Common table expression (CTE) optimization

GPORCA efficiently handles queries with WITH clauses. A WITH clause, also known as a common table expression (CTE), defines a temporary logical table used within the query. The following is an example of a query with a CTE:

WITH v AS (SELECT a, sum(b) as s FROM T WHERE c < 10 GROUP BY a)
SELECT * FROM v AS v1, v AS v2
WHERE v1.a <> v2.a AND v1.s < v2.s;

As part of query optimization, GPORCA supports predicate pushdown into CTEs. In the example below, equality predicates are pushed into the CTE:

WITH v AS (SELECT a, sum(b) as s FROM T GROUP BY a)
SELECT *
FROM v as v1, v as v2, v as v3
WHERE v1.a < v2.a
AND v1.s < v3.s
AND v1.a = 10
AND v2.a = 20
AND v3.a = 30;

GPORCA supports the following types of CTEs:

  • CTEs that define multiple logical tables. In the example below, the CTE defines two logical tables:

    WITH cte1 AS (SELECT a, sum(b) as s FROM T 
    WHERE c < 10 GROUP BY a),
    cte2 AS (SELECT a, s FROM cte1 WHERE s > 1000)
    SELECT *
    FROM cte1 as v1, cte2 as v2, cte2 as v3
    WHERE v1.a < v2.a AND v1.s < v3.s;

DML operation optimization

GPORCA also enhances DML operations such as INSERT, UPDATE, and DELETE:

  • DML operations appear as regular operator nodes in the execution plan.
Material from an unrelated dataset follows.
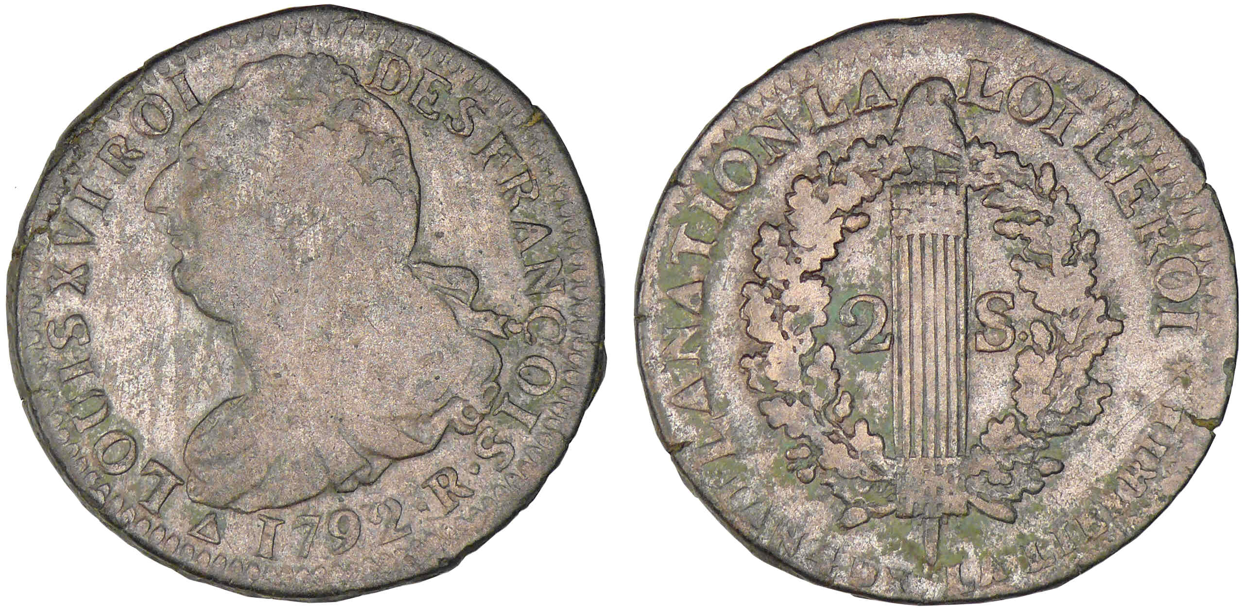 Revers : R/ LA NATION LA – LOI LE ROI / L’AN 4 DE LA LIBERTE / 2-S°. Faisceau orné d’une pique surmontée d’un bonnet phrygien dans une couronne de chêne.

    • They can appear at any position in the plan (currently limited to the top-level slice).
    • They can have downstream nodes (consumers).
  • UPDATE operations are implemented using the Split operator and support the following:

    • Updates to distribution key columns.
    • Updates to partition key columns. The following example shows a plan containing a Split operator:
    QUERY PLAN
    --------------------------------------------------------------
    Update (cost=0.00..5.46 rows=1 width=1)
    -> Redistribute Motion 2:2 (slice1; segments: 2)
    Hash Key: a
    -> Result (cost=0.00..3.23 rows=1 width=48)
    -> Split (cost=0.00..2.13 rows=1 width=40)
    -> Result (cost=0.00..1.05 rows=1 width=40)
    -> Seq Scan on dmltest

Other optimization capabilities

GPORCA also includes the following optimization features:

  • Improved join order selection.
  • Support for reordering joins and aggregation operations.
  • Optimization of sort order.
  • Consideration of data skew estimation during optimization.